Il faut être très organisées pour être capable de mener ces très longues et difficiles luttes de reprise en main des sites de production pour faire face aux licenciements. D’autant plus qu’aujourd’hui, l’écologie est devenue un nouveau prétexte pour fermer des sites. Dans ces cas là, il est souvent trop tard pour agir syndicalement. En effet, ces sites sont souvent en retard sur les normes environnementales, mais surtout, les salariées sont affectées par des maladies professionnelles dévastatrices.
Une alliance syndicale et écologique à la base
Face à ces problématiques les organisations syndicales de lutte s’organisent pour riposter à travers l’Alliance écologique et sociale (AES). Cette alliance entre syndicats et associations écologistes a permis de mener des luttes emblématiques ces dernières années. À la suite de son dernier Congrès, la CGT a quitté ce cadre. Dans la foulée, l’UGICT (union des cadres au sein de la CGT) a lancé un Radar travail-environnement avec l’association d’ingénieurs Pour un réveil écologique dont le but est d’intervenir à la demande des CSE pour mener des diagnostics sur les lieux de travail.

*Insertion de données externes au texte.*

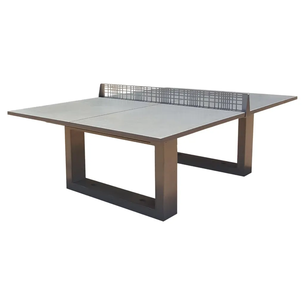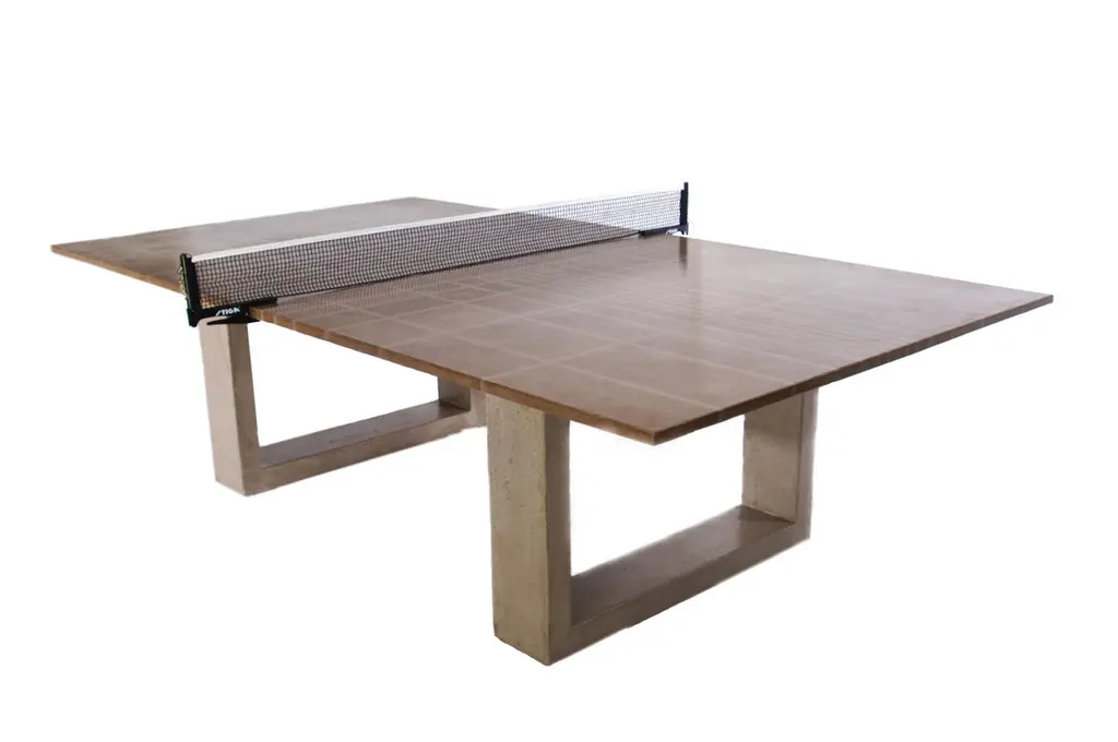 James de Wulf custom concrete Ping-Pong table, decorated with the flow of Fibonacci.Regulation size with demarcated center line and carbon fiber reinforcement.Remove the netting, add seating to welcome guests as a dining table.This playful, yet refined piece will become a staple to entertain. Tables are sealed with a unique finishing wax and will develop a gradual patina adding to the beauty of the material’s character over time.Suitable for indoor and outdoor use.Available colors:• Please select as Fibonacci lines are offered 2 different ways: Stained (Sepia throughout) or Inverted (Sepia Lines)Premium concrete colors availableRemovable net and accessories included:• 4 Stiga Flow outdoor paddles• Pack of 6x Stiga 3-star balls.
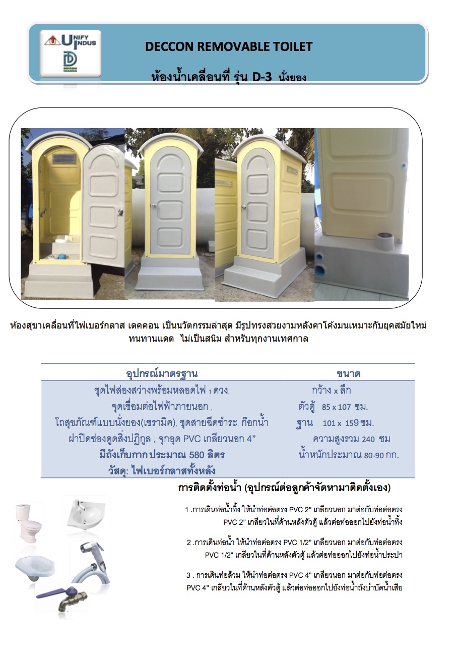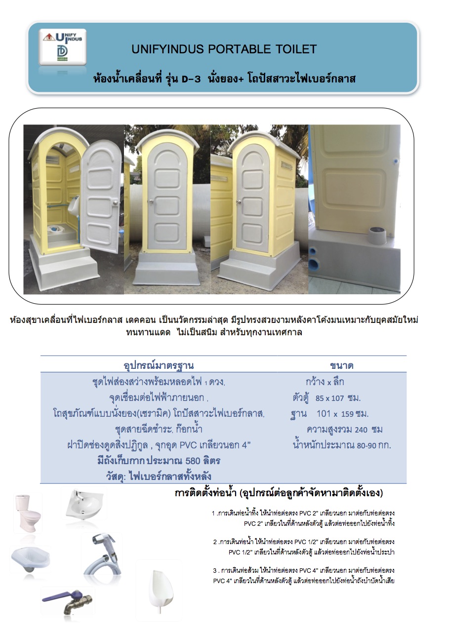 ห้องน้ำเคลื่อนที่ไฟเบอร์กลาสฐานสูง รุ่น D-3
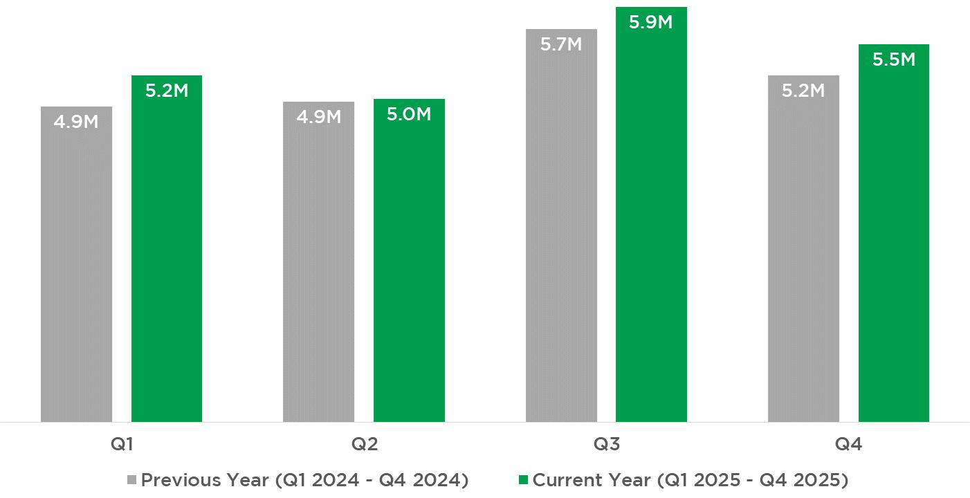 +6.2% INCREASE Q4 2025 AVERAGE MONTHLY HOTEL ROOM REVENUE YEAR OVER YEAR1*
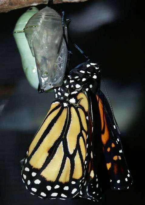 لقَد تَحَوَّلَتِ الْيَرَقَةُ إِلَى فَرَاشَةٍ! إِنَّهَا جَاهِزَةٌ لِلتَّحْلِيقِ بَعيدًا، وَوَضْعِ الْمَزِيدِ مِنَ الْبيْضِ لِتَبْدَأَ الدَّوْرَةُ مِنْ جَديدٍ.

Ce genre d’alliances par le haut sont de bonnes choses, mais insuffisantes. Nous devons agir à la base dès maintenant. Les syndicats dont les équipes sont vieillissantes ont besoin de militantes et militants écologistes. Nous avons vu que les expériences de récupération d’entreprises ne peuvent exister sans capacité d’organisation et donc d’équipes syndicales combatives. Il faut nous syndiquer et nous impliquer sur le temps long. Il faut également échapper au piège du dialogue bullshit comme dans la démarche RSE discutée plus tôt : nous avons beaucoup plus à gagner en nous investissant à l’échelon interprofessionnel, en particulier dans les unions locales qui sont pour beaucoup aujourd’hui en danger de disparition. En effet, si nous voulons réaliser une alliance rouge/verte par la base, il ne suffit pas de dire aux collectifs écologistes de venir vers les syndicats. Il faut qu’il y ait des gens à cet échelon local pour travailler avec elles et eux.
Les contradictions du capitalisme face aux crises écologiques s’aggravent de jour en jour et nous devons adapter nos stratégies en conséquence. Pour transformer ces contradictions en opportunités de luttes, il va nous falloir des équipes syndicales formées et capables d’anticiper les problèmes avant l’employeur. Il nous faudra également des alliances solides, qu’il faut construire dès maintenant à la base, avec les collectifs écolos pour qu’ils puissent aussi prendre leur place dans la récupération d’entreprises. Celles-ci ne sont pas une fin en soi mais des exemples, une manière de croire à nouveau en notre force et en un monde libéré de l’exploitation des patrons.